> [Data to use]

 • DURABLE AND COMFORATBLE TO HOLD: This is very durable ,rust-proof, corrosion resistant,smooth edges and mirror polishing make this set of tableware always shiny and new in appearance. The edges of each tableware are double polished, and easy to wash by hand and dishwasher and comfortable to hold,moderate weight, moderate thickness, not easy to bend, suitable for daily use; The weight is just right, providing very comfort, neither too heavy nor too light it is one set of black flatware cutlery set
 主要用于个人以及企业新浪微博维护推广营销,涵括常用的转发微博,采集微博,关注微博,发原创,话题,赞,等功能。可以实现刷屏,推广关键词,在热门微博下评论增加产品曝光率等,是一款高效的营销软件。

---

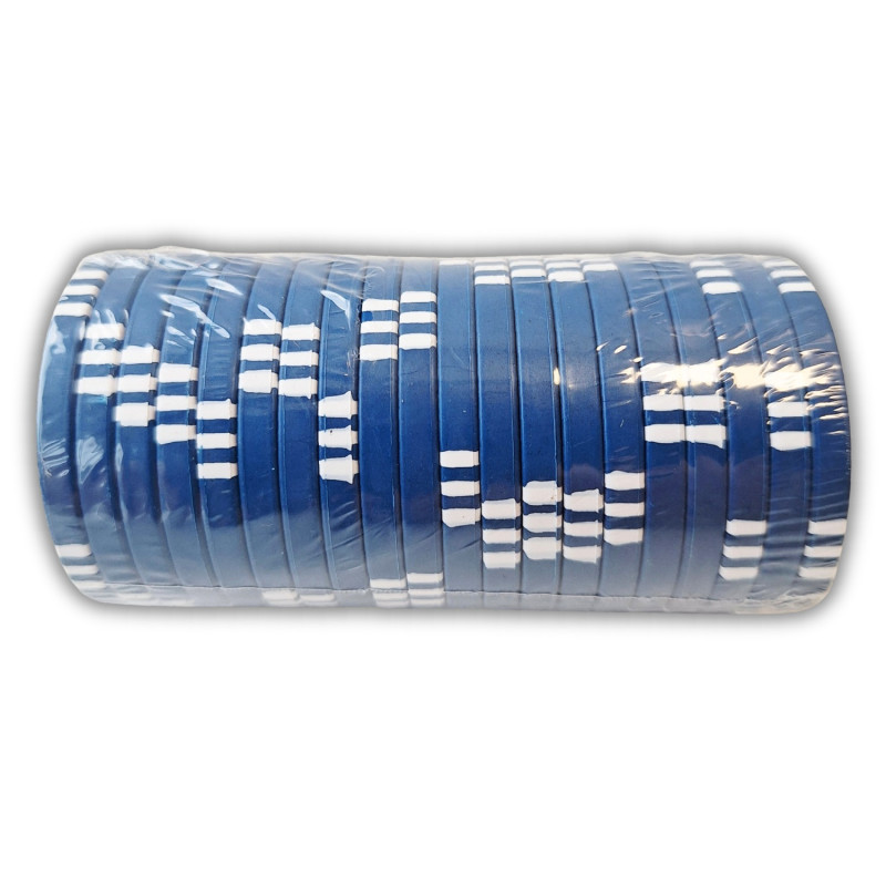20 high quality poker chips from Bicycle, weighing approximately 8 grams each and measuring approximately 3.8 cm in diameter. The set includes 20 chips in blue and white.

* * *

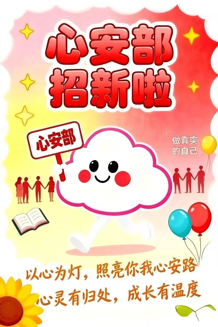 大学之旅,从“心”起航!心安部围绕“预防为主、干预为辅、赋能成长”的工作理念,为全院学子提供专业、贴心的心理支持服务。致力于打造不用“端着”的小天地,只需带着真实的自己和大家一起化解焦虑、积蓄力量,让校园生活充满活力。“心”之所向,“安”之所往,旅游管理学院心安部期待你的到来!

> [Exercise goal] Among the entries above, the lines between the ones containing "flatware cutlery set" and "主要用于个人以及企业新浪微博", inclusive, are to be transcribed exactly. No other line is to be given.

> [Answer for the task]
 • DURABLE AND COMFORATBLE TO HOLD: This is very durable ,rust-proof, corrosion resistant,smooth edges and mirror polishing make this set of tableware always shiny and new in appearance. The edges of each tableware are double polished, and easy to wash by hand and dishwasher and comfortable to hold,moderate weight, moderate thickness, not easy to bend, suitable for daily use; The weight is just right, providing very comfort, neither too heavy nor too light it is one set of black flatware cutlery set
 主要用于个人以及企业新浪微博维护推广营销,涵括常用的转发微博,采集微博,关注微博,发原创,话题,赞,等功能。可以实现刷屏,推广关键词,在热门微博下评论增加产品曝光率等,是一款高效的营销软件。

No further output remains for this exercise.